Saturday, September 4, 2010

“Tell a story, a complete story with an arc, including climax and -conclusion, in 250
words. It can be fiction, or memoir, or a fairy tale, or a mystery.”
Jennifer Traig, Part II The Autobiographer's Handbook

The Easter my sterile cat ran away, I continuously walked around our one square block searching the shrubbery and looking up each tree. After losing my grandmother months earlier, I was a skeptical seven year old convinced I would never see my cat again. I believed if we found my cat, that she would be bald and dead like my grandmother. I never would have thought to look in a barn a mile away where we found her shacked up with a scruffy black male cat.

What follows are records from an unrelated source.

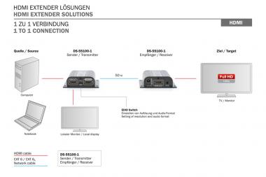 HDMI Extender Set, 50m via Netzwerkkabel (CAT 6/6a/7), EDID, 1x HDMI loop out, FHD 1080p
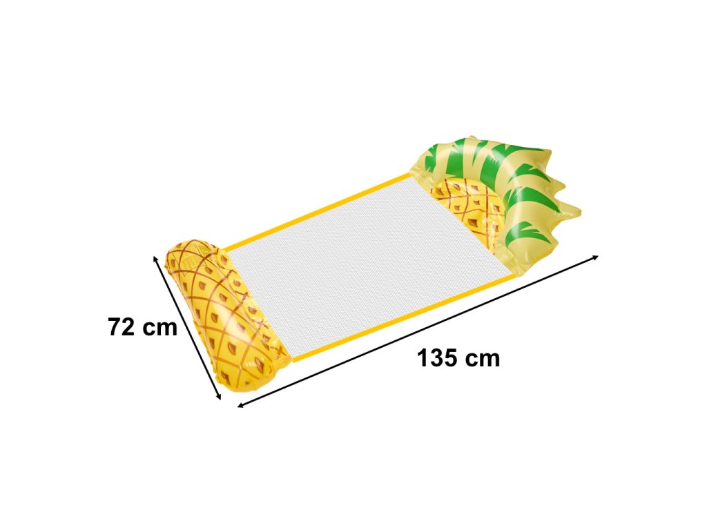 Tato koupací matrace ve tvaru ananasu je barevnou předzvěstí úspěšné dovolené a pohodlného pobytu u vody. Vyniká nejen svými sytými barvami a tropickým designem, ale takésvou funkčností, neboť kombinuje vodní matraci, houpací síť a nafukovacívodní křeslo v jednom.
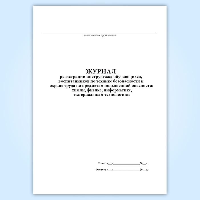 Журнал регистрации инструктажа обучающихся, воспитанников по технике безопасности и охране труда по предметам повышенной опасности: химии, физике, информатике, материальным технологиям в Тюмени купить
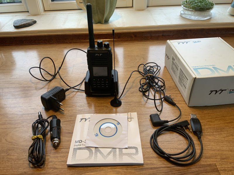 Komplet TYT DMR radio med bordlader, mobilantenne, programmering kabel , CD-rom , manual og org. Æske

    This particular childhood cat was a fat-longhaired-lazy tabby that cried when she up a tree, and relied on her humans' to save her. I could not imagine her surviving alone in the wild over the whole Spring Break. Turned out being a renegade house cat shacked up in a barn with a dinghy boy cat is similar to living in a two star hotel with room service. I can only assume she got him to hunt for her; she was not much of a hunter. I am not even sure she liked to kill bugs, maybe paw at them, but never follow thru with murder.    
    My mother sounded shocked when the barn owner called to say she thought our cat was living in their barn. This runaway took place before answering machines, so the fact that she reached my mother to tell us about a vagabond cat squatting in her barn was a miracle by today’s communication standards.              Mom rounded us up; we hopped in the Monte Carlo and headed across two subdivisions to a busy main drag of Saginaw Township. We pulled in their long gravel driveway and left the car running. My cat did not come running; I guess she did not recognize the car engine.   
    One of the farm-kids ran into the dilapidated barn and scooped up our Tabby. She was saved from a vagrant lifestyle hiding out in a wild unincorporated farmstead, dining on fresh kills, and living in sin in an unkempt barn. Purring in the back seat window, she was headed back to perpetual napping on Berber carpet and incessant eating of canned salmon.